AMD recently held a special technical meeting for the first time disclosed the Zen CPU architecture and public display under the same frequency 8 core 16 threads can draw Intel Core i7-6900K. However, when they talk about the architecture of some about the situation, and now at Hot Chips 2016 conference, AMD has released the first details of many Zen architecture, a detailed explanation of the 40% improvement is how come. First, the so-called 40% of the upgrade do not mean the actual performance, but the number of instruction cycles (IPC) per clock indicator changes to this theory, the object contrast is the current Excavator Excavator architecture.

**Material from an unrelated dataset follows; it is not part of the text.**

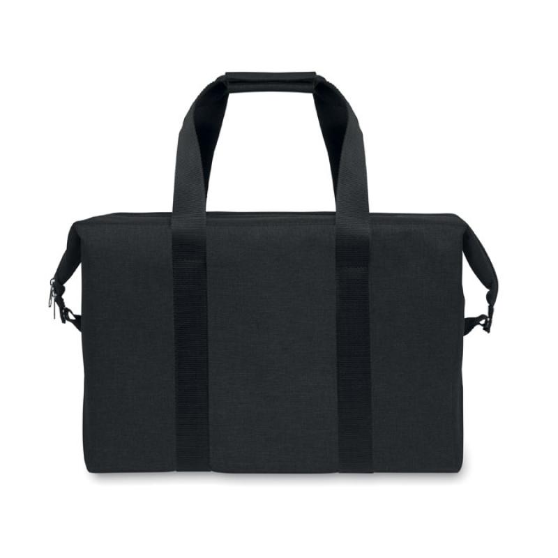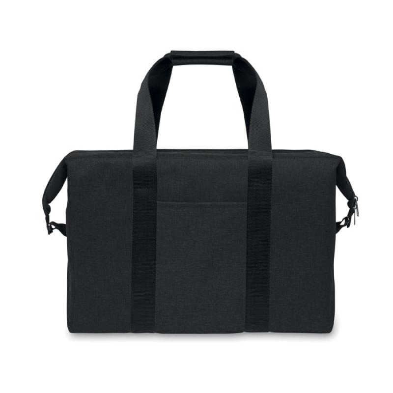 Torba chłodząca z kationowego poliestru RPET 300D. Materiał izolacyjny: 3mm pianka laminowana folią aluminiową. Pojemność 37 l.

This is Zen architecture specific improvements in performance, in terms of power consumption, the core engine wherein the improvement comprises: logic supports two threads per core, branch misprediction improved, better branch prediction, a larger cache operation, wider micro instruction dispatch, larger integer / floating point instruction scheduler, larger rollback greater fallback / load / store sequence.
There is a cache system write back cache, faster secondary / tertiary cache, faster floating point unit loads, better primary / secondary data prefetching, a primary / secondary cache to enhance the bandwidth of close to 1 fold, three-level cache up to 4 times the total bandwidth upgrade.
To reduce power consumption, Zen architecture is also a lot of work, full use of low-power design, including multi-level clock gating, a write-back cache, the cache bigger operation, stack engine and so on.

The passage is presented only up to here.